HOUSTON - Researchers at The University of Texas M. D. Anderson Cancer Center have significantly refined the scientific understanding of how a cell begins the process of self-destruction - an advance they say may help in the design of more targeted cancer therapies.
In the June 30 issue of the journal Cell, the research team found that a natural "brake" exists in a cell to prevent it from undergoing apoptosis, or programmed cell death, and they say that optimal anti-cancer therapies should take a two-pronged approach to overriding this brake in order to force a tumor cell to die. Very few drugs do this now, they say.
The discovery "demonstrates that apoptosis is more complicated than had been believed, and consequently harder to achieve," says the study's lead author, Dean G. Tang, Ph.D., associate professor in the Department of Carcinogenesis in the Science Park Research Division of M. D. Anderson in Smithville, Texas.
Apoptosis can occur when a cell has reached its lifespan, and so is "programmed" to die, or is initiated when a cell is damaged beyond repair or infected by a virus. Apoptosis is rare in cancer because tumor cells have adapted biological pathways to circumvent cell death, so many anti-cancer therapies focus on inducing apoptosis in these cells, Tang says.
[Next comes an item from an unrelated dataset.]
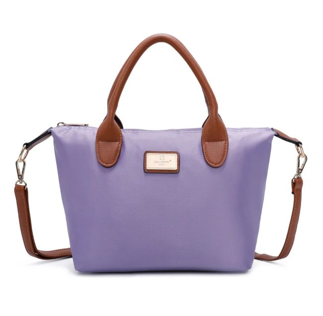 Galantryn La Balade on kevyt ja kaunis, lilanvärinen laukku arkeen. Laukun materiaali on hieman kiiltopintaista nylonia jota vasten konjakinruskeat, nahkajäljitelmästä valmistetut kahvat ja olkahihna luovat tyylikästä kontrastia. Laukun metalliset yksityiskohdat ovat kullanvärisiä.

But the notion of how to push cancer cells to die has been flawed, Tang says. These new findings "overturn a scientific dogma so long accepted that it has become a textbook standard when talking about apoptosis," he continues.
Researchers agree that the seminal event that leads to initiation of apoptosis is the release of a key protein known as cytochrome c (CC) from a cell's mitochondria, the organelle's energy storehouse. These molecules then bind to another protein called Apaf-1 in the cell cytoplasm, and together they form a scaffolding "death wheel" to activate enzymes called caspases that shred a cell apart.